WORK TO BE COMPLETED —
Exactly as written, output each of the lines below, with no images.

::::

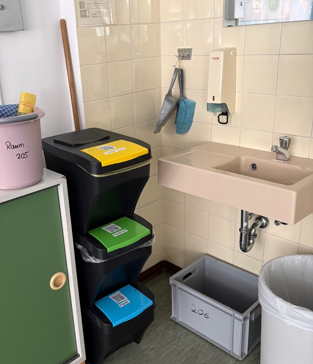 Ab sofort stehen in jedem Klassenzimmer drei Müllbehälter bereit – für Papier, den Gelben Sack und Restmüll. Zusätzlich gibt es eine Putzstation mit einem Putzeimer und Lappen. Diese trägt zur Sauberkeit der Klassenzimmer bei. Die Klassen sind selbst dafür verantwortlich, ihre Müll- und Putzstationen sauber und ordentlich zu halten. Ist ein Behälter voll, müssen die Schülerinnen und Schüler diesen eigenständig leeren und einen neuen Müllsack einsetzen. Die Putzlappen sind wiederverwandbar.
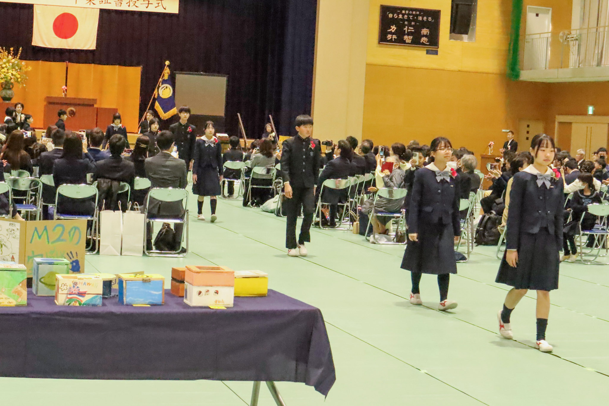 開式の辞、国歌斉唱に続き、担任の先生から卒業生一人ひとりの名前が呼ばれました。高塚校長より「おめでとう」の言葉が添えられ、卒業証書が一人ひとりに手渡されました。
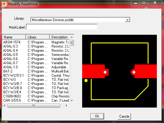 1.在PcbDoc中打开一个PCB文件,然后选择一个元器件右键选择Edit>Footprint.弹出窗口如图1:
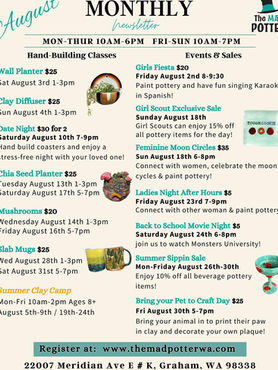 Booking is required for pottery wheel use and instruction clay classes, events, or parties.
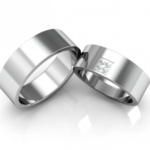 “Explore nossas Alianças de Compromisso em Prata Polidas com Quadrado de Pedras. Um design geométrico sofisticado e pedras brilhantes simbolizam a solidez e o brilho do amor que vocês compartilham.”
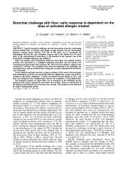 Cet article concerne une étude réalisée dans le but de proposer une méthode d'analyse des relations dose-réponse obtenues lors des tests avec générateur d'aérosol de farine, en se servant du test au lactose comme référence et en mesurant la réactivité bronchique. Elle a été effectuée sur 38 sujets asthmatiques exposés professionnellement à la farine, pour lesquels un test au lactose puis à la farine de blé ont été effectués. Les résultats ont montré l'utilité du calcul PDf20 (dose de farine provoquant une chute de 20 % du VEMS - volume expiratoire maximum par seconde) pour mesurer le degré de réactivité bronchique spécifique ; celui-ci est malheureusement irréalisable en cas de variation modérée de la fonction respiratoire. La comparaison de la variation du VEMS lors du test à la farine avec les résultats du test au lactose a par ailleurs permis de discriminer les sujets ayant une réactivité bronchique spécifique intermédiaire mais significative. Ces résultats confirment le rôle de la dose inhalée d'allergènes et font évoquer celui du débit de dose dans le déclenchement des crises d'asthme.
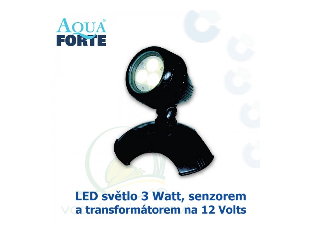 AquaForte LED světlo HP3-1, 1 ks 3 Watt LED osvětlení jezírek a zahrad s auto-senzorem ON/OFF, včetně trafa a kabelu, cca 7,5 m

::::

EXERCISE ANSWER —
 Ab sofort stehen in jedem Klassenzimmer drei Müllbehälter bereit – für Papier, den Gelben Sack und Restmüll. Zusätzlich gibt es eine Putzstation mit einem Putzeimer und Lappen. Diese trägt zur Sauberkeit der Klassenzimmer bei. Die Klassen sind selbst dafür verantwortlich, ihre Müll- und Putzstationen sauber und ordentlich zu halten. Ist ein Behälter voll, müssen die Schülerinnen und Schüler diesen eigenständig leeren und einen neuen Müllsack einsetzen. Die Putzlappen sind wiederverwandbar.
 開式の辞、国歌斉唱に続き、担任の先生から卒業生一人ひとりの名前が呼ばれました。高塚校長より「おめでとう」の言葉が添えられ、卒業証書が一人ひとりに手渡されました。
 1.在PcbDoc中打开一个PCB文件,然后选择一个元器件右键选择Edit>Footprint.弹出窗口如图1:
 Booking is required for pottery wheel use and instruction clay classes, events, or parties.
 “Explore nossas Alianças de Compromisso em Prata Polidas com Quadrado de Pedras. Um design geométrico sofisticado e pedras brilhantes simbolizam a solidez e o brilho do amor que vocês compartilham.”
 Cet article concerne une étude réalisée dans le but de proposer une méthode d'analyse des relations dose-réponse obtenues lors des tests avec générateur d'aérosol de farine, en se servant du test au lactose comme référence et en mesurant la réactivité bronchique. Elle a été effectuée sur 38 sujets asthmatiques exposés professionnellement à la farine, pour lesquels un test au lactose puis à la farine de blé ont été effectués. Les résultats ont montré l'utilité du calcul PDf20 (dose de farine provoquant une chute de 20 % du VEMS - volume expiratoire maximum par seconde) pour mesurer le degré de réactivité bronchique spécifique ; celui-ci est malheureusement irréalisable en cas de variation modérée de la fonction respiratoire. La comparaison de la variation du VEMS lors du test à la farine avec les résultats du test au lactose a par ailleurs permis de discriminer les sujets ayant une réactivité bronchique spécifique intermédiaire mais significative. Ces résultats confirment le rôle de la dose inhalée d'allergènes et font évoquer celui du débit de dose dans le déclenchement des crises d'asthme.
 AquaForte LED světlo HP3-1, 1 ks 3 Watt LED osvětlení jezírek a zahrad s auto-senzorem ON/OFF, včetně trafa a kabelu, cca 7,5 m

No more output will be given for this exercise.